== Exercise details ==
Please reproduce the listing in its entirety, exactly as written, but without images.

== Extracted information ==
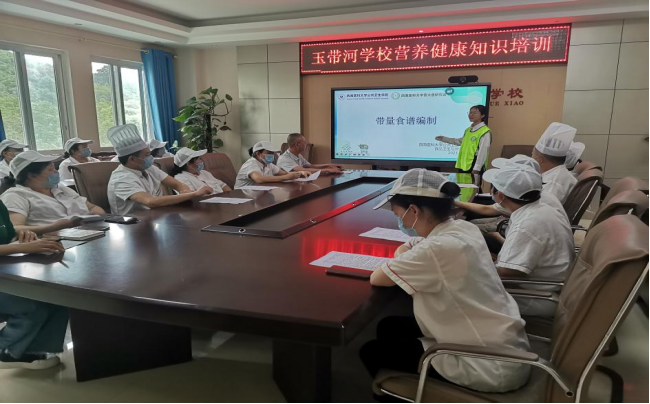 第三部分,志愿者们来到了食堂旁的会议厅利用通俗易懂的四川话对玉带河公司食堂的员工们进行了营养健康知识培训,包括带量食谱的编制:如何确定总能量,克数,配餐原则,菜品营养标签的制作,职工们都积极参与,认真学习,都想为员工们搭配出更加科学营养的饭菜出一份力。
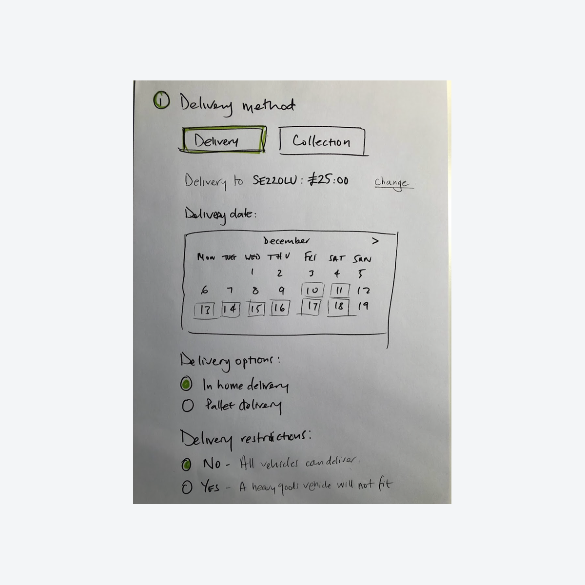 The initial concept revolved around a delivery option mechanism shown to customers at the basket step. This was tested (unmoderated) on usertesting.com, feedback was the screen was creating cognitive overload - “too much going on” - and they wanted to use the basket as a wish list to store possible purchases (our analytics data confirmed this was happening on the site).
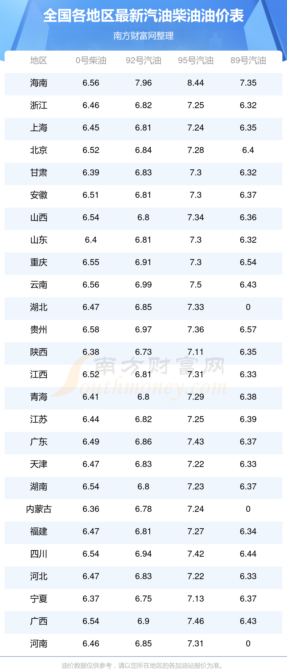 0號柴油平均價(jià)格:6元每升,其中,最高為貴州,價(jià)格為6.58元/升,最低為內(nèi)蒙古,價(jià)格為6.36元/升。
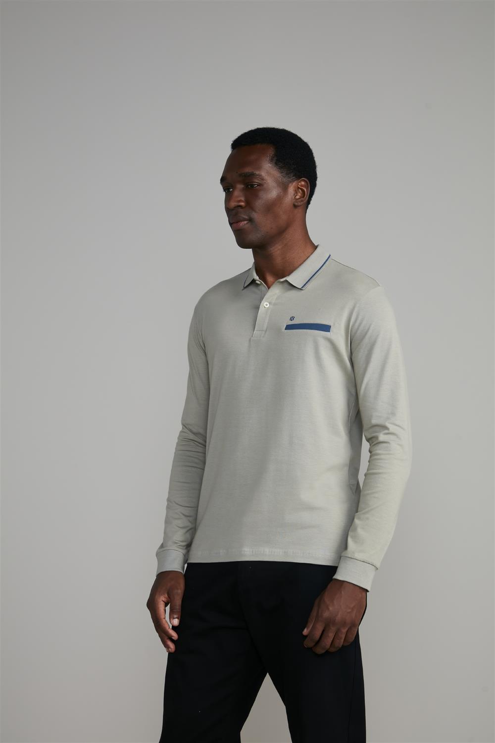 Camisa Polo com Bolso Piquet Comfort - Cinza Chumbo / Verde Malva
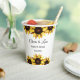 Hochzeitspapier-Cups in Gelb und Weiß mit Gelb Wasserfarbe Sonnenblumen und Wörter Cheers to Liebe, bearbeiten Sie Text mit dieser Option Vorlage personalisieren. Diese Papiertassen können für Hochzeiten auf dem Lande, Brautparty, Probe-Dinner, Bridal Brunch, Mittagessen und rustikale Verlobung oder Empfang verwendet werden.
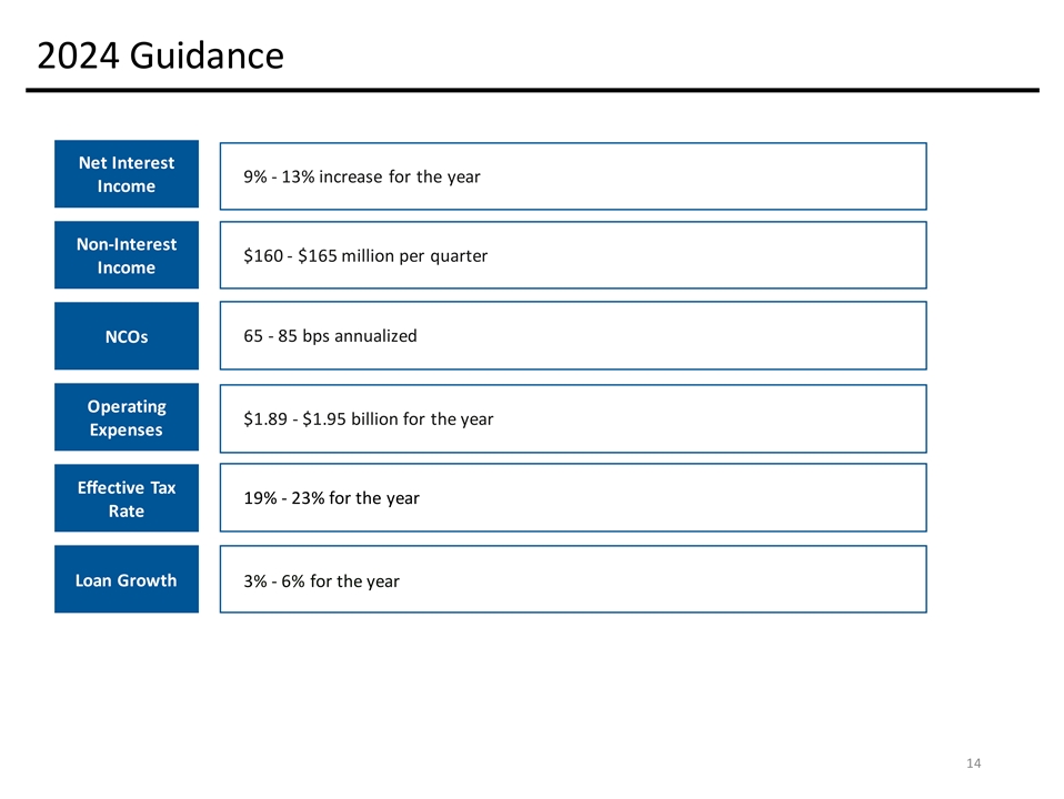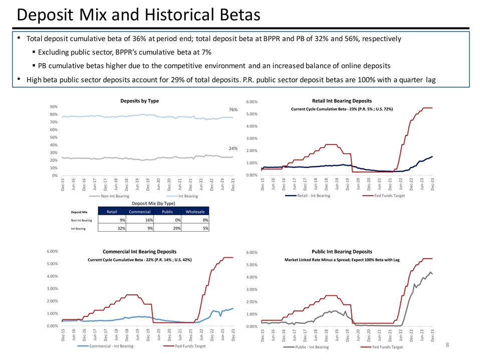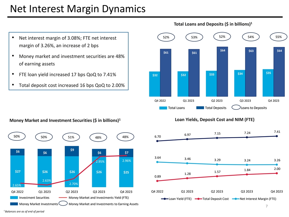 Net Interest Margin Dynamics 1 Total Loans and Deposits ($ in billions) $80 52% 54% 55% 52% 53% • Net interest margin of 3.08%; FTE net interest $70 margin of 3.26%, an increase of 2 bps $60 $64 $63 $64 $61 $61 • Money market and investment securities are 48% $50 of earning assets $40 $35 $30 $34 $33 $32 • FTE loan yield increased 17 bps QoQ to 7.41% $32 $20 • Total deposit cost increased 16 bps QoQ to 2.00% $10 $- Q4 2022 Q1 2023 Q2 2023 Q3 2023 Q4 2023 Total Loans Total Deposits Loans to Deposits 1 Loan Yields, Deposit Cost and NIM (FTE) Money Market and Investment Securities ($ in billions) 7.41 7.24 7.15 6.97 50% 6.70 50% 51% 48% 48% $9 $6 3% $6 $6 $7 3.64 3.46 3.29 3.24 3.26 2.96% 3% 2.95% 2.00 3% 1.84 $27 $26 1.57 $26 $26 $25 1.28 0.89 3% 2.63% 2.70% 2.65% 3% Q4 2022 Q1 2023 Q2 2023 Q3 2023 Q4 2023 Q4 2022 Q1 2023 Q2 2023 Q3 2023 Q4 2023 3% Investment Securities Money Market and Investments Yield (FTE) Loan Yield (FTE) Total Deposit Cost Net Interest Margin (FTE) Money Market Investments Money Market and Investments to Earning Assets 2% 7 ¹ Balances are as of end of period
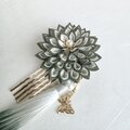 つまみ細工の花は、グリーンで縁取ったクリームホワイトの花びらを幾重にも重ね、上品で美しく仕上げました。
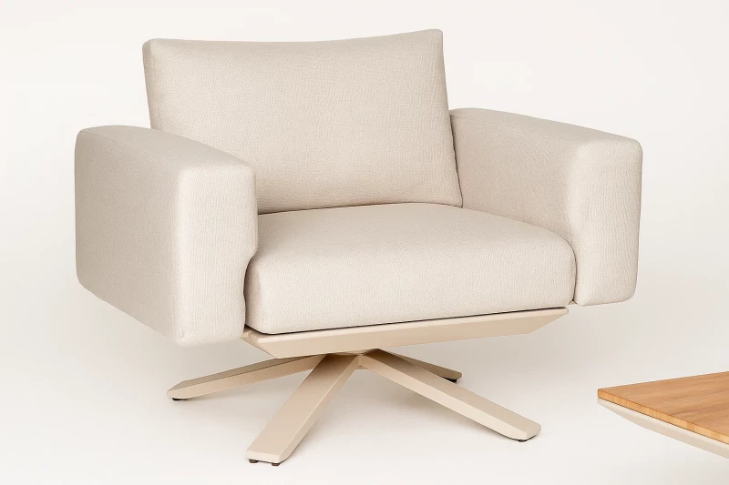 Luxusní zahradní křeslo SUNS STOCKHOLM z teaku a hliníku s čalouněním Fast Dry Foam a látkou Sunproof Olefin. Elegantní, pohodlné a odolné křeslo pro celoroční venkovní použití se zárukou 5 let.
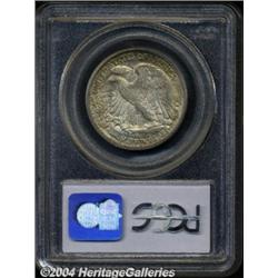 <B>1916-D<50C> MS64 PCGS.</B></I> Mottled russet and antique-golden toning is present particularly around the peripheries on both sides. This near-Gem example displays velvety luster from textured surfaces, good strike detail, and contact marks consistent with the grade. <BR><BR><B>Important notice:</B> Heritage usually auctions material at the rate of 200-250 lots per hour. On some occasions eBay Live bid software or the Internet may not be able to keep up with the pace of the auction. We recommend placing a realistic absentee bid now as insurance to avoid disappointment. Occasionally the auctioneer may eliminate or reject an eBay Live bid, and the auctioneer may also reopen a lot after the close of the eBay live bidding (usually because we missed an audience bid), and may reject your bid even if it shows you as the winning bidder. By bidding via eBay Live, you agree that Heritage may award the lot to another bidder at its sole discretion under the circumstances described above or any other reasonable circumstances. Since eBay bids are not shown to us until we open the lot on the floor, we treat those bids just like floor bids. In most cases the floor responds before the eBay bid is presented to us, due to Internet lag time, so for consistency we have made it a policy that floor bids are always considered first over tie eBay live bids. Also please note that all Heritage lots purchased through eBay Live carry a 20% Buyer's Premium. Please make sure you read the Terms and Conditions before you bid. </span></font></tr></table></td></tr></table>
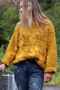 DOLOMITT er en nydelig , tradisjonmønstret genser i mykeste Faerytale. Fluffy og god , men uten mohair - her er det børstet alpakka som gir den nydelige glorien. Genseren strikkes nedenfra og opp, med rundfelt bærestykke. Et must i enhver strikket garderobe !
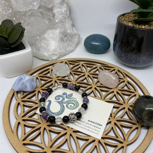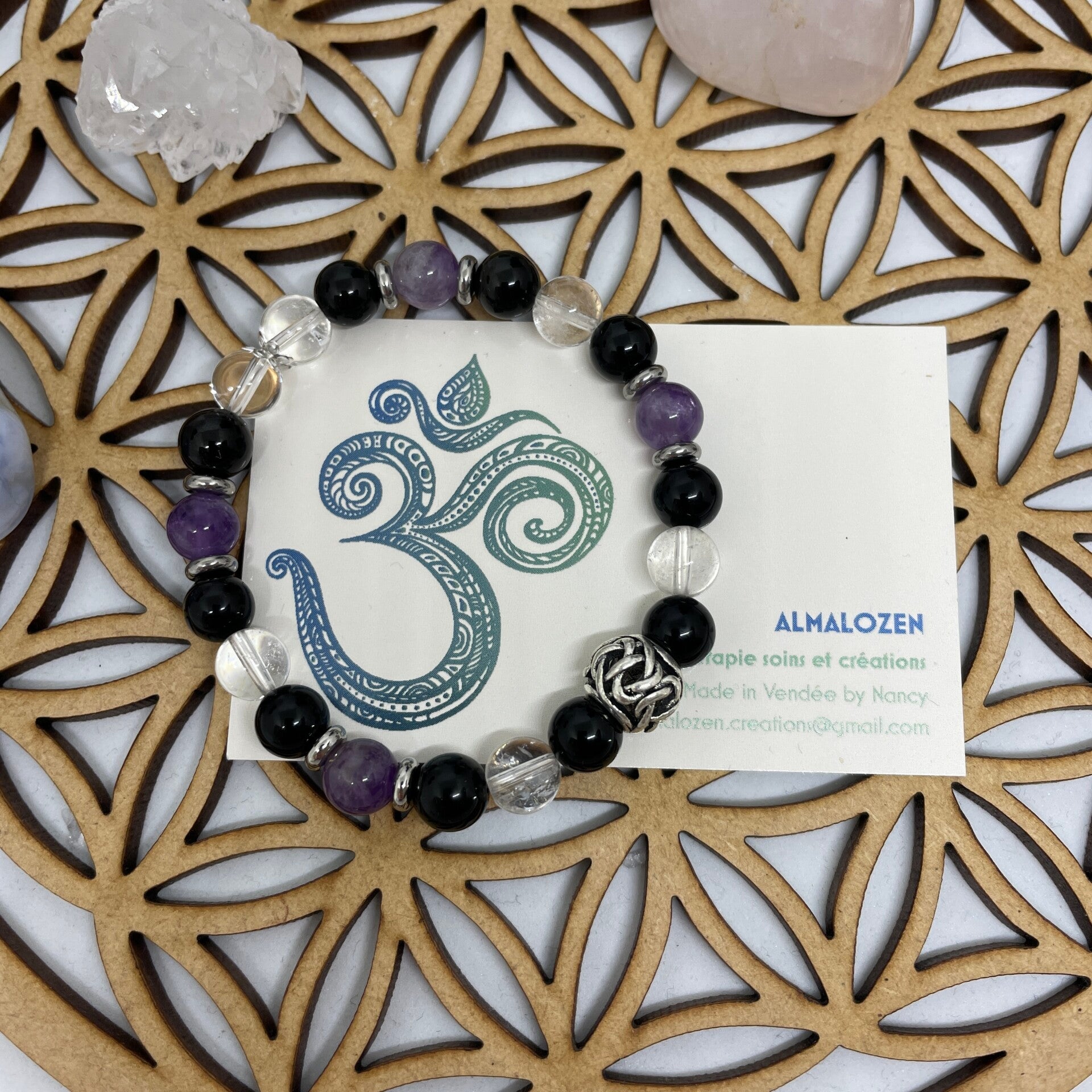 Bracelet en pierres naturelles 8 mm en Améthyste, Onyx et Cristal de roche.
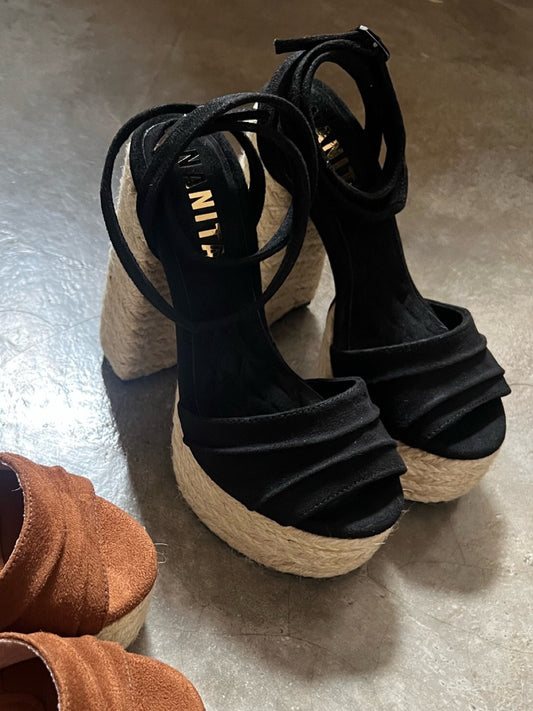 Sandalias Lucy cuña de soga negra
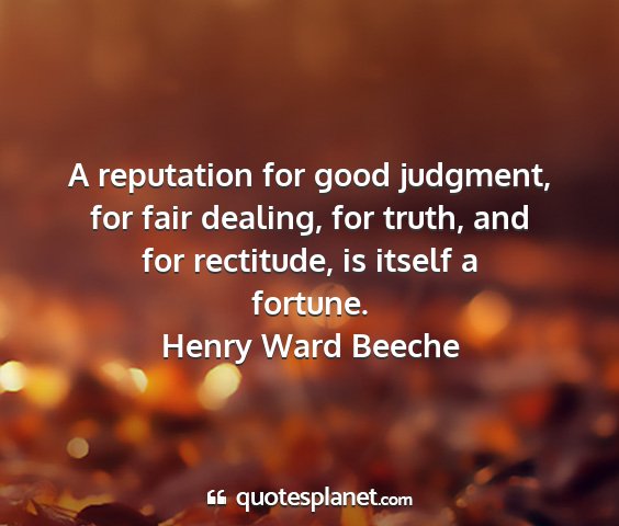 A reputation for good judgment, for fair dealing, for truth, and for rectitude, is itself a fortune.Henry Ward Beeche
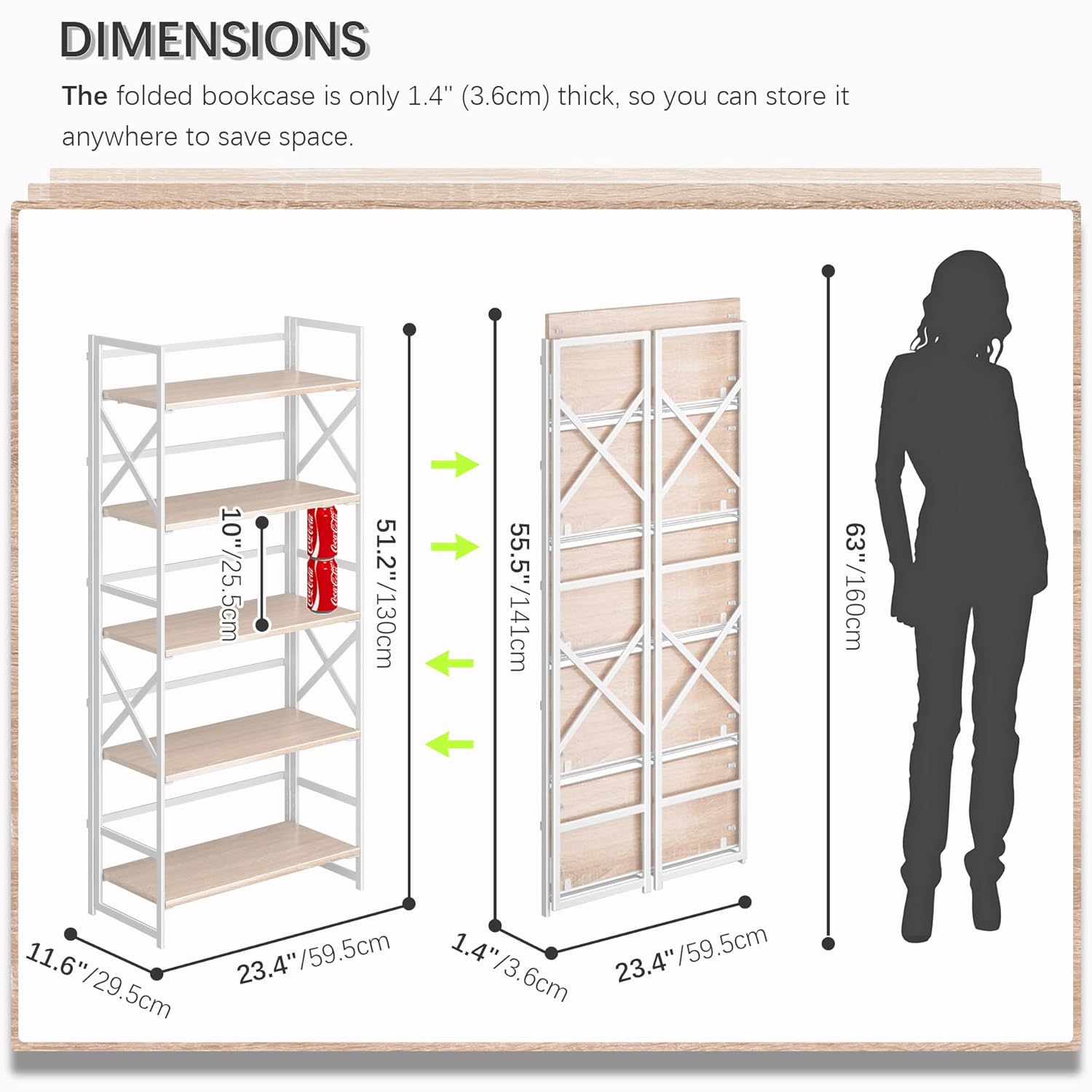 - 【No Assembly Book Shelf Folding Sized】23.4x1.4x55.5 inches (59.5x3.6x141cm)

== Exercise solution ==
 第三部分,志愿者们来到了食堂旁的会议厅利用通俗易懂的四川话对玉带河公司食堂的员工们进行了营养健康知识培训,包括带量食谱的编制:如何确定总能量,克数,配餐原则,菜品营养标签的制作,职工们都积极参与,认真学习,都想为员工们搭配出更加科学营养的饭菜出一份力。
 The initial concept revolved around a delivery option mechanism shown to customers at the basket step. This was tested (unmoderated) on usertesting.com, feedback was the screen was creating cognitive overload - “too much going on” - and they wanted to use the basket as a wish list to store possible purchases (our analytics data confirmed this was happening on the site).
 0號柴油平均價(jià)格:6元每升,其中,最高為貴州,價(jià)格為6.58元/升,最低為內(nèi)蒙古,價(jià)格為6.36元/升。
 Camisa Polo com Bolso Piquet Comfort - Cinza Chumbo / Verde Malva
 Hochzeitspapier-Cups in Gelb und Weiß mit Gelb Wasserfarbe Sonnenblumen und Wörter Cheers to Liebe, bearbeiten Sie Text mit dieser Option Vorlage personalisieren. Diese Papiertassen können für Hochzeiten auf dem Lande, Brautparty, Probe-Dinner, Bridal Brunch, Mittagessen und rustikale Verlobung oder Empfang verwendet werden.
 Net Interest Margin Dynamics 1 Total Loans and Deposits ($ in billions) $80 52% 54% 55% 52% 53% • Net interest margin of 3.08%; FTE net interest $70 margin of 3.26%, an increase of 2 bps $60 $64 $63 $64 $61 $61 • Money market and investment securities are 48% $50 of earning assets $40 $35 $30 $34 $33 $32 • FTE loan yield increased 17 bps QoQ to 7.41% $32 $20 • Total deposit cost increased 16 bps QoQ to 2.00% $10 $- Q4 2022 Q1 2023 Q2 2023 Q3 2023 Q4 2023 Total Loans Total Deposits Loans to Deposits 1 Loan Yields, Deposit Cost and NIM (FTE) Money Market and Investment Securities ($ in billions) 7.41 7.24 7.15 6.97 50% 6.70 50% 51% 48% 48% $9 $6 3% $6 $6 $7 3.64 3.46 3.29 3.24 3.26 2.96% 3% 2.95% 2.00 3% 1.84 $27 $26 1.57 $26 $26 $25 1.28 0.89 3% 2.63% 2.70% 2.65% 3% Q4 2022 Q1 2023 Q2 2023 Q3 2023 Q4 2023 Q4 2022 Q1 2023 Q2 2023 Q3 2023 Q4 2023 3% Investment Securities Money Market and Investments Yield (FTE) Loan Yield (FTE) Total Deposit Cost Net Interest Margin (FTE) Money Market Investments Money Market and Investments to Earning Assets 2% 7 ¹ Balances are as of end of period
 つまみ細工の花は、グリーンで縁取ったクリームホワイトの花びらを幾重にも重ね、上品で美しく仕上げました。
 Luxusní zahradní křeslo SUNS STOCKHOLM z teaku a hliníku s čalouněním Fast Dry Foam a látkou Sunproof Olefin. Elegantní, pohodlné a odolné křeslo pro celoroční venkovní použití se zárukou 5 let.
 <B>1916-D<50C> MS64 PCGS.</B></I> Mottled russet and antique-golden toning is present particularly around the peripheries on both sides. This near-Gem example displays velvety luster from textured surfaces, good strike detail, and contact marks consistent with the grade. <BR><BR><B>Important notice:</B> Heritage usually auctions material at the rate of 200-250 lots per hour. On some occasions eBay Live bid software or the Internet may not be able to keep up with the pace of the auction. We recommend placing a realistic absentee bid now as insurance to avoid disappointment. Occasionally the auctioneer may eliminate or reject an eBay Live bid, and the auctioneer may also reopen a lot after the close of the eBay live bidding (usually because we missed an audience bid), and may reject your bid even if it shows you as the winning bidder. By bidding via eBay Live, you agree that Heritage may award the lot to another bidder at its sole discretion under the circumstances described above or any other reasonable circumstances. Since eBay bids are not shown to us until we open the lot on the floor, we treat those bids just like floor bids. In most cases the floor responds before the eBay bid is presented to us, due to Internet lag time, so for consistency we have made it a policy that floor bids are always considered first over tie eBay live bids. Also please note that all Heritage lots purchased through eBay Live carry a 20% Buyer's Premium. Please make sure you read the Terms and Conditions before you bid. </span></font></tr></table></td></tr></table>
 DOLOMITT er en nydelig , tradisjonmønstret genser i mykeste Faerytale. Fluffy og god , men uten mohair - her er det børstet alpakka som gir den nydelige glorien. Genseren strikkes nedenfra og opp, med rundfelt bærestykke. Et must i enhver strikket garderobe !
 Bracelet en pierres naturelles 8 mm en Améthyste, Onyx et Cristal de roche.
 Sandalias Lucy cuña de soga negra
 A reputation for good judgment, for fair dealing, for truth, and for rectitude, is itself a fortune.Henry Ward Beeche
 - 【No Assembly Book Shelf Folding Sized】23.4x1.4x55.5 inches (59.5x3.6x141cm)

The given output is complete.